----- RECORDS PROVIDED -----

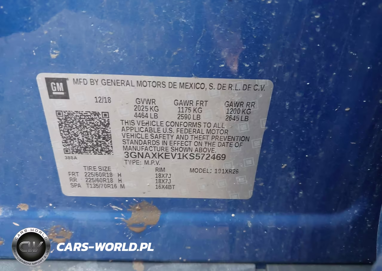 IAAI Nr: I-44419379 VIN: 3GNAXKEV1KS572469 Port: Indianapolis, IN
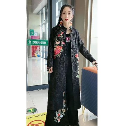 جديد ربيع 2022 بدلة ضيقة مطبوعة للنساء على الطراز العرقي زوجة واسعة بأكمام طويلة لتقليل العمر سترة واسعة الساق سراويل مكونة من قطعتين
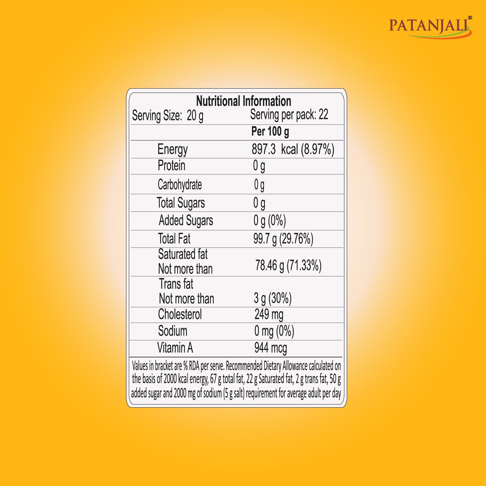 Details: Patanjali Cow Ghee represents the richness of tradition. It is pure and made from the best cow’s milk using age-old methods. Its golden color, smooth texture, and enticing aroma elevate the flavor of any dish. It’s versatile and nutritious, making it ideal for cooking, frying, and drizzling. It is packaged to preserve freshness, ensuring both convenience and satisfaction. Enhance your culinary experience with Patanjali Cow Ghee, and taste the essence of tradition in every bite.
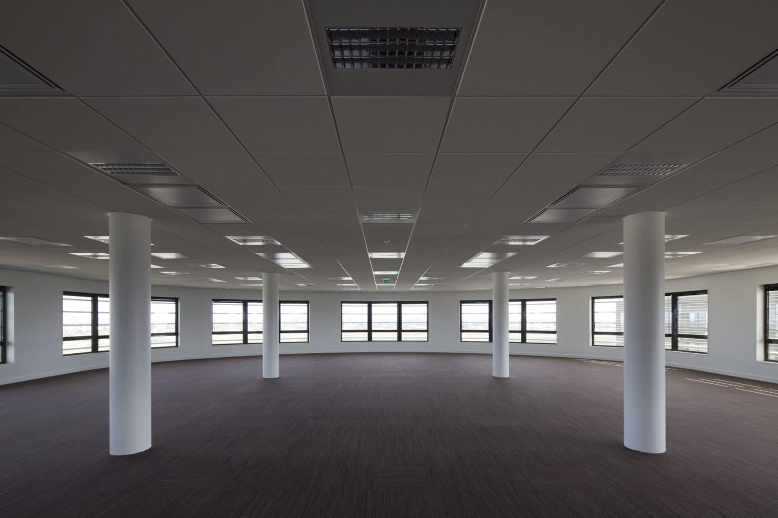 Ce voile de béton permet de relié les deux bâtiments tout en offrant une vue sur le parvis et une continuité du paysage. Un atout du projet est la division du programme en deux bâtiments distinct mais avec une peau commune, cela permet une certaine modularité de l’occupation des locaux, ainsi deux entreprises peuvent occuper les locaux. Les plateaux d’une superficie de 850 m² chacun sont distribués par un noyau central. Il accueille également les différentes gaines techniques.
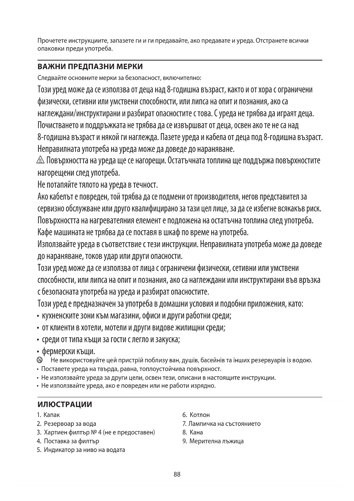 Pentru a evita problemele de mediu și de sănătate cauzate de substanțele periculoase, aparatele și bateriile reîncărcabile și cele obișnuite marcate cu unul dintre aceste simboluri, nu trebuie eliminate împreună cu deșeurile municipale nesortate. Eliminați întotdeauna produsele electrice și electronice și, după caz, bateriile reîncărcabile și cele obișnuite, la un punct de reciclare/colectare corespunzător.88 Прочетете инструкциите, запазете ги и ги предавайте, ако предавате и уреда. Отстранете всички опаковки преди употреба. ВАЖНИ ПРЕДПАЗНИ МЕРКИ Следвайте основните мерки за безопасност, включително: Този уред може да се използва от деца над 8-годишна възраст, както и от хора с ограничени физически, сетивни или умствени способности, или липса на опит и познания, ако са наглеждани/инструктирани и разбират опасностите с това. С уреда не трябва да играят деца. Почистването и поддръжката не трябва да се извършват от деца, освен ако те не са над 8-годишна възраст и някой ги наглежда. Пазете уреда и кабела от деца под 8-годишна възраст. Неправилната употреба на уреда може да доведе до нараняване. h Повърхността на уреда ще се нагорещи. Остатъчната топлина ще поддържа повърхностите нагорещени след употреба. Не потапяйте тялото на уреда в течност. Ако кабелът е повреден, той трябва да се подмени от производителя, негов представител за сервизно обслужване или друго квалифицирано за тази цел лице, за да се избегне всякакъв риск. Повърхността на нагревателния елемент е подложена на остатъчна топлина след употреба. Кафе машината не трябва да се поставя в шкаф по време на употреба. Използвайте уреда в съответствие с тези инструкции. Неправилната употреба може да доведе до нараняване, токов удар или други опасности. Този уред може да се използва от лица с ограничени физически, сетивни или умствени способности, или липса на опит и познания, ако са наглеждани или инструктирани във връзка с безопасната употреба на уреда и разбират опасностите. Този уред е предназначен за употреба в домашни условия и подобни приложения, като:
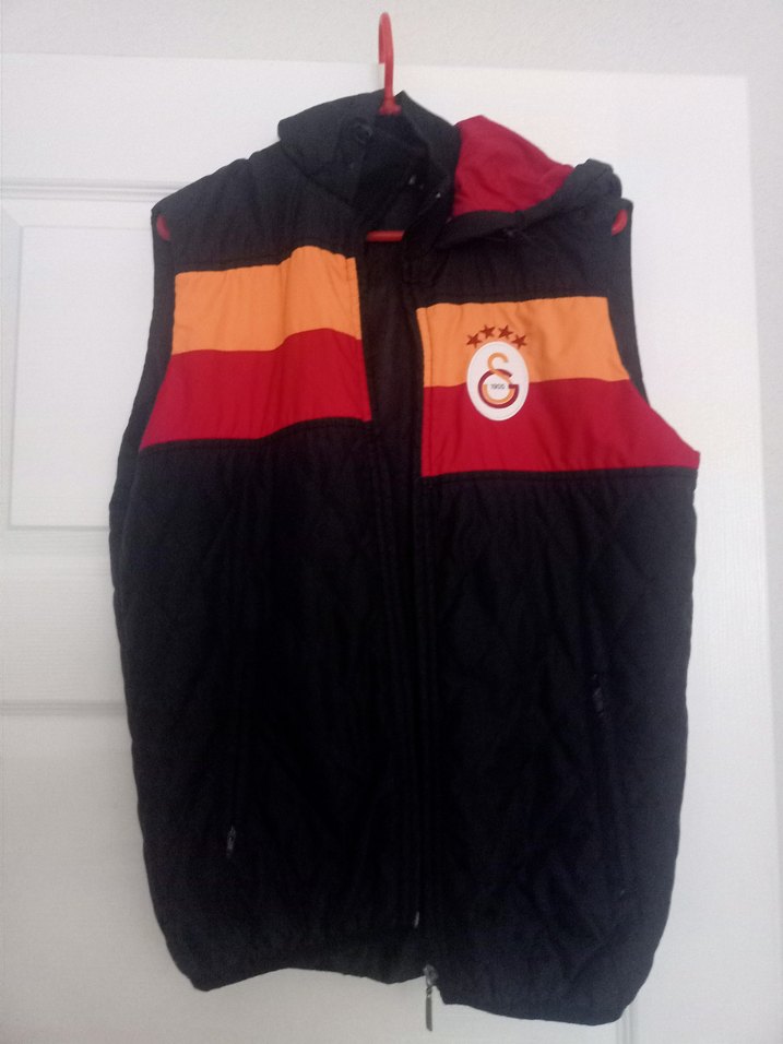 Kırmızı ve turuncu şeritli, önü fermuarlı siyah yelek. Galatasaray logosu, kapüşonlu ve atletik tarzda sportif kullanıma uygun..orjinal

-----

# TO DO
Up to and including the line with "Details: Patanjali Cow", repeat every line from the top of the entries exactly, but not the pictures.

# ANSWER SPACE
 IAAI Nr: I-44419379 VIN: 3GNAXKEV1KS572469 Port: Indianapolis, IN
 جديد ربيع 2022 بدلة ضيقة مطبوعة للنساء على الطراز العرقي زوجة واسعة بأكمام طويلة لتقليل العمر سترة واسعة الساق سراويل مكونة من قطعتين
 Details: Patanjali Cow Ghee represents the richness of tradition. It is pure and made from the best cow’s milk using age-old methods. Its golden color, smooth texture, and enticing aroma elevate the flavor of any dish. It’s versatile and nutritious, making it ideal for cooking, frying, and drizzling. It is packaged to preserve freshness, ensuring both convenience and satisfaction. Enhance your culinary experience with Patanjali Cow Ghee, and taste the essence of tradition in every bite.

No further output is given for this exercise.